About this task
Omit the pictures and extract only the lines from the line containing "Fototapeta: Czarno-biały mural" to the end of the material, each exactly as written.

Input data
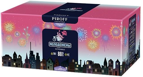 МОЛОДОЖЁНЫ БСП0508810 - это салют на свадьбу от торговой марки PIROFF состоит из 88-ми зарядов с 9-ю эффектами: Серебряные и золотые ивы; Золотые ивы с красным блеском; Треск и синие звезды; Золотые ивы; Веер из ив; Веер из треска; Парча с треском и звездами; Треск и разноцветное мерцание; Красные хризантемы с треском.
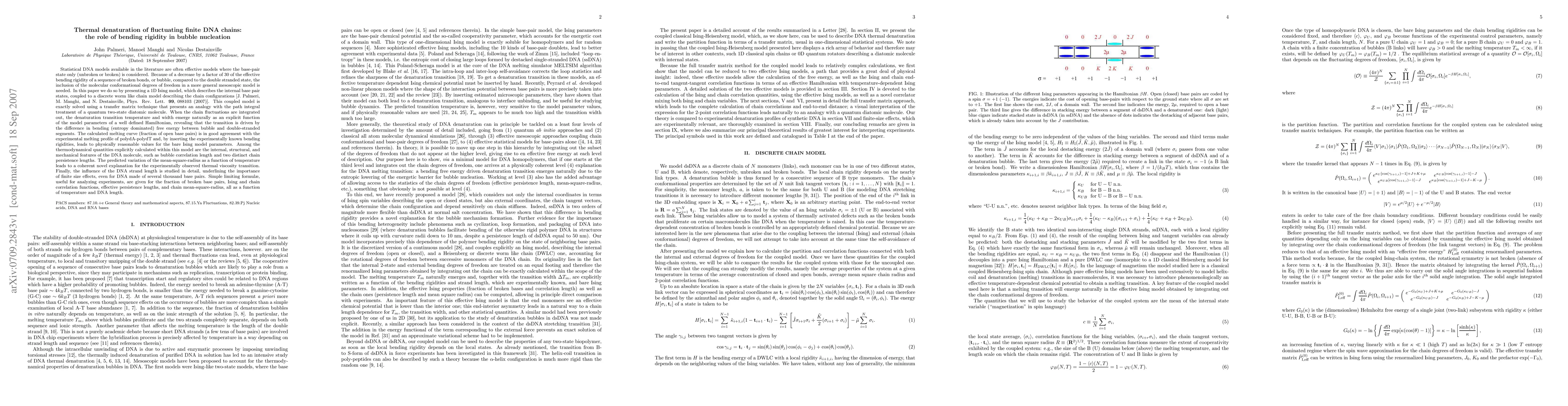 This paper presents a 1D Ising model coupled with a discrete worm-like chain model to describe the thermal denaturation of fluctuating finite DNA chains, emphasizing the role of bending rigidity in bubble nucleation. The model reveals that the denaturation transition is driven by differences in bending free energy between bubble and double-stranded segments, providing a coherent explanation for the observed thermal viscosity transition.
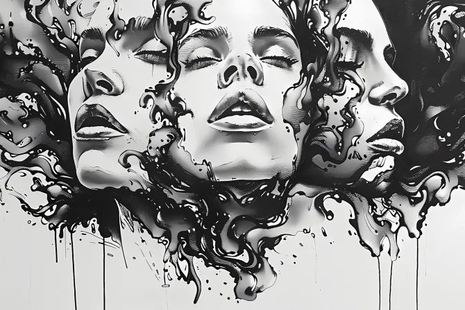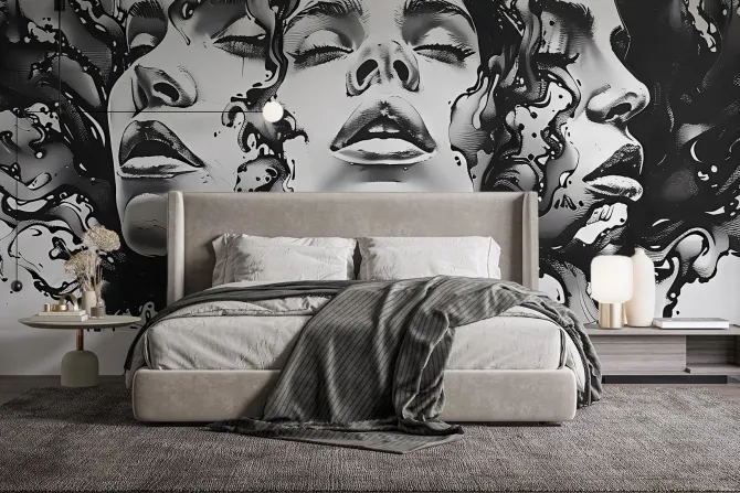 Fototapeta: Czarno-biały mural z kobiecą twarzą
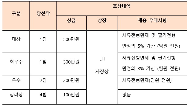 * 수상작은 심사 점수 고득점 순으로 선정하되, 최소 점수(60점)에 미달되는 경우 수상작을 선정하지 않을 수 있음
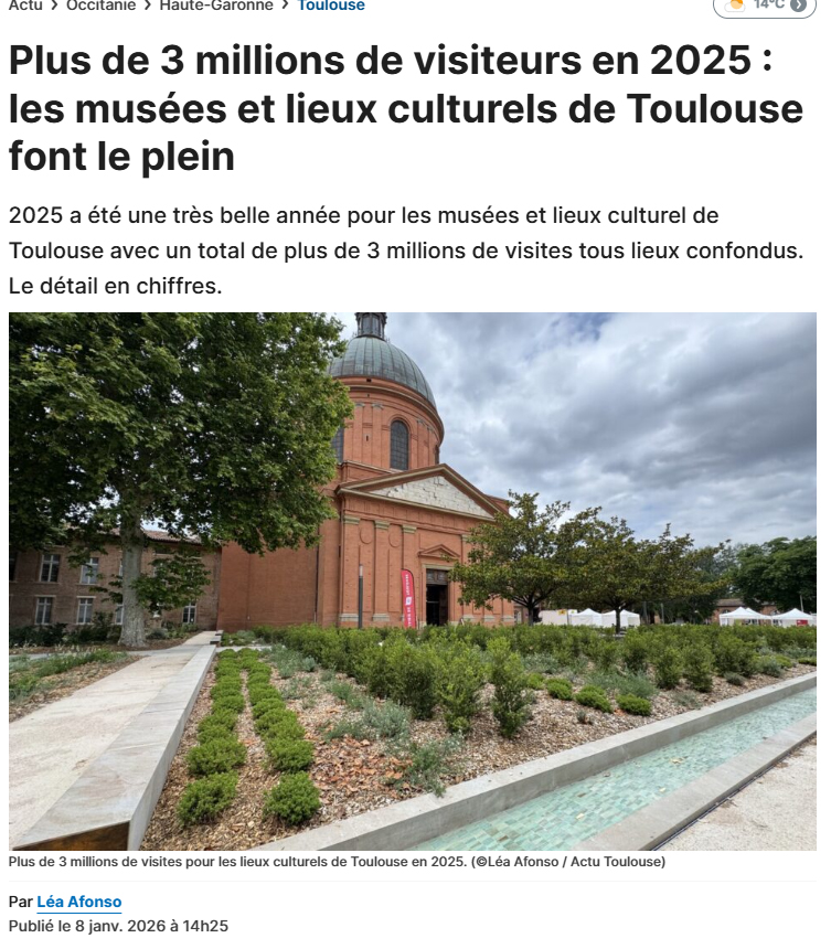 « Plusieurs établissements enregistrent de très fortes fréquentations. Le musée des Arts Précieux Paul-Dupuy a accueilli 43 900 visiteurs, soit le double de l’année précédente, grâce au succès de ses expositions (Chine, À toute vitesse, Henri-Georges Adam, un…

Reply
 Fototapeta: Czarno-biały mural z kobiecą twarzą
 * 수상작은 심사 점수 고득점 순으로 선정하되, 최소 점수(60점)에 미달되는 경우 수상작을 선정하지 않을 수 있음
 « Plusieurs établissements enregistrent de très fortes fréquentations. Le musée des Arts Précieux Paul-Dupuy a accueilli 43 900 visiteurs, soit le double de l’année précédente, grâce au succès de ses expositions (Chine, À toute vitesse, Henri-Georges Adam, un…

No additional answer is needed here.